SMOKELESS tobacco products pose a continuing threat to health in South Asian communities across England, according to new NICE guidance.
Products such as paan, gutka, shupari, and betel quid are associated with serious health problems such as oral cancer, heart attack and stroke, and problems in pregnancy – contrary to popular perceptions that they are healthy or beneficial.
Use of these products is thought to be one of the main reasons why South Asian women are nearly four times more likely to develop oral cancers than women from other ethnic groups in England. Smokeless tobacco use is often highest among older women of South Asian descent, but in some parts of the UK, a high percentage of young South Asians are also reported as using these products.
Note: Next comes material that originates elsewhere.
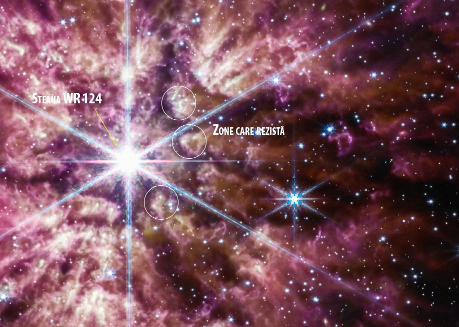 Zonele care rezistă sunt mai dense decât restul norului din jurul stelei WR 124

NICE recommends that dentists, GPs, pharmacists, dental and GP practice nurses, midwives, health visitors and other health professional provide advice and referral for smokeless tobacco cessation. The guidance also recommends ensuring that any materials on smokeless tobacco cessation refer to the products using the names people use locally. They should provide information about the risks associated with smokeless tobacco and should challenge perceived benefits of smokeless tobacco (for example, that it is an appropriate way to ease indigestion or dental pain, or that it helps freshen the breath).
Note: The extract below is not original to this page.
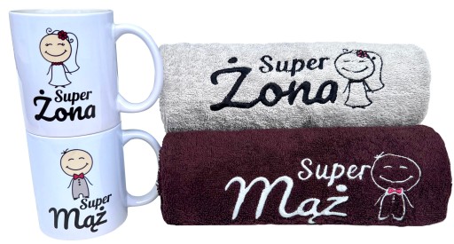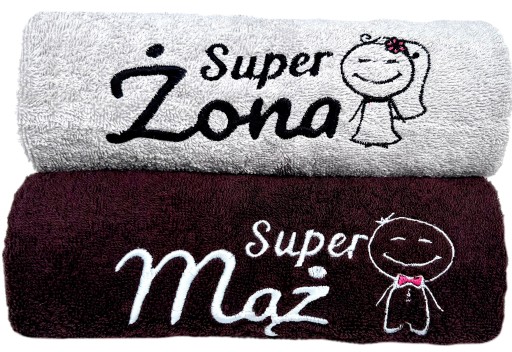 - zestaw dużych, grubych ręczników łazienkowych 50x100cm z haftem Super Żona/ Super Mąż,
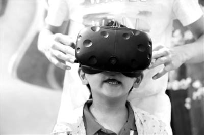 其中,VR产品和相关展览再度成为大热门,成为观众尤其是年轻群体围观的对象。图为江苏省扬州市一位小朋友在扬州国展中心体验VR虚拟场景视界。

Professor Mike Kelly, Director of the NICE Centre for Public Health Excellence, said: "This guidance is an important opportunity to highlight the range of serious health risks associated with smokeless tobacco products, such as paan or gutkha, which are used by some people of South Asian origin. Often the people using these products aren't aware that they contain tobacco, nor that they could be at greater risk of oral cancers or cardiovascular disease.
"There's also low awareness of the health problems caused by these smokeless tobacco products within mainstream NHS services. We hope that this guidance will inform health professionals of the risks posed by these products, so they can take action by asking patients of South Asian origin if they use smokeless tobacco, making sure they are aware of the health risks, and where appropriate referring people for support to help them stop using these products."